→ Exercise aim:
Nothing but the text should be carried over: reproduce all the data exactly and leave out every image.

→ Supplied material:

--*--

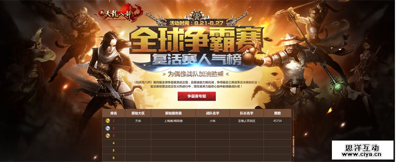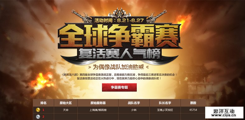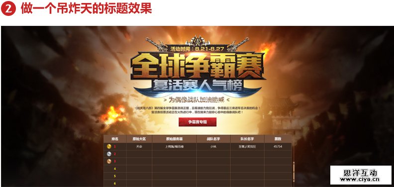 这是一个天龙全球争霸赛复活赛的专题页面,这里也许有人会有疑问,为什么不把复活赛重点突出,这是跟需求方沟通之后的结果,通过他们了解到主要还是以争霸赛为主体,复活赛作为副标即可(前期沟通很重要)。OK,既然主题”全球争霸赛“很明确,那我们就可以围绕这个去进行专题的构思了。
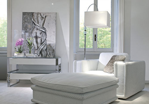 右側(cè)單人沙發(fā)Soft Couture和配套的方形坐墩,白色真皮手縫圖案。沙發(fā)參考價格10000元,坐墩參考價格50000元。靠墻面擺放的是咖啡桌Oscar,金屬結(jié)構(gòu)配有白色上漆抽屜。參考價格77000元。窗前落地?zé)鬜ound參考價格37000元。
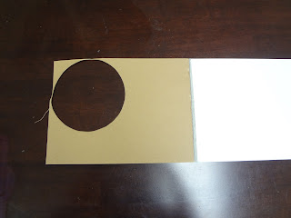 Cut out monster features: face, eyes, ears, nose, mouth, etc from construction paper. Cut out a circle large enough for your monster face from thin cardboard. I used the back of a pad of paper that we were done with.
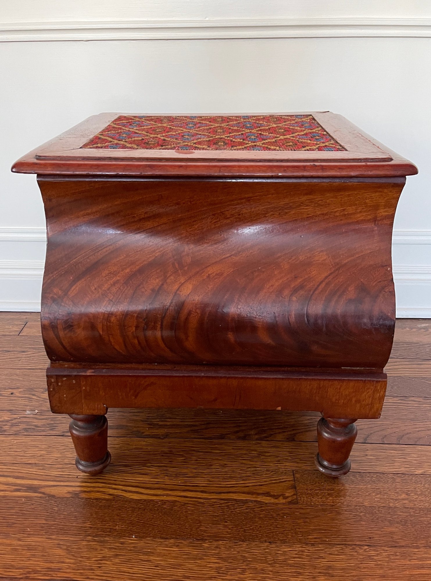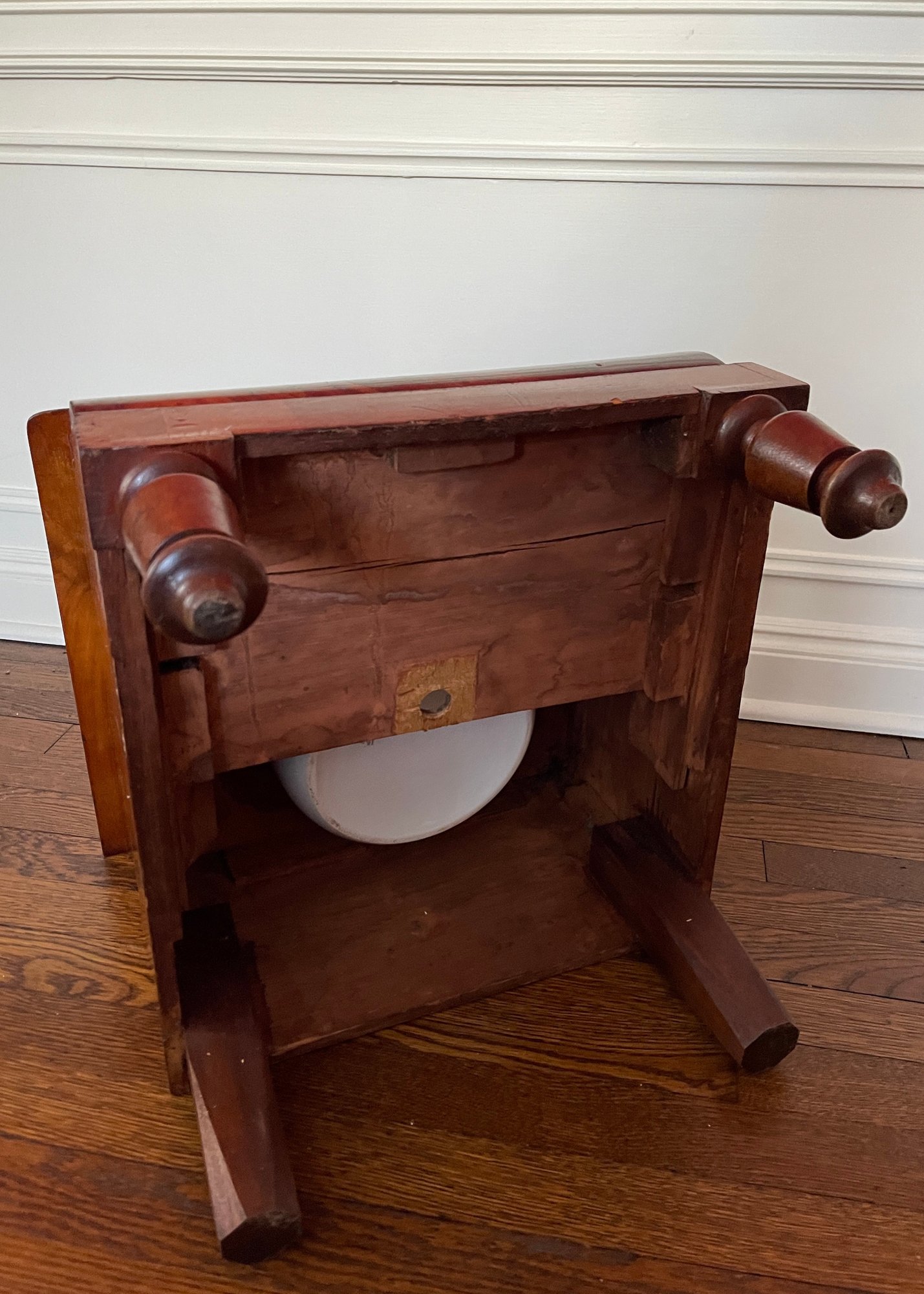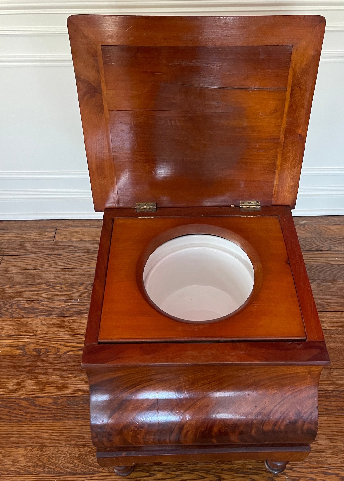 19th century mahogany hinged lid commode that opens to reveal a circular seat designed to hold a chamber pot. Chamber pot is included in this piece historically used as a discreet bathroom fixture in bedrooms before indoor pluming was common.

--*--

→ Exercise solution:
 这是一个天龙全球争霸赛复活赛的专题页面,这里也许有人会有疑问,为什么不把复活赛重点突出,这是跟需求方沟通之后的结果,通过他们了解到主要还是以争霸赛为主体,复活赛作为副标即可(前期沟通很重要)。OK,既然主题”全球争霸赛“很明确,那我们就可以围绕这个去进行专题的构思了。
 右側(cè)單人沙發(fā)Soft Couture和配套的方形坐墩,白色真皮手縫圖案。沙發(fā)參考價格10000元,坐墩參考價格50000元。靠墻面擺放的是咖啡桌Oscar,金屬結(jié)構(gòu)配有白色上漆抽屜。參考價格77000元。窗前落地?zé)鬜ound參考價格37000元。
 Cut out monster features: face, eyes, ears, nose, mouth, etc from construction paper. Cut out a circle large enough for your monster face from thin cardboard. I used the back of a pad of paper that we were done with.
 19th century mahogany hinged lid commode that opens to reveal a circular seat designed to hold a chamber pot. Chamber pot is included in this piece historically used as a discreet bathroom fixture in bedrooms before indoor pluming was common.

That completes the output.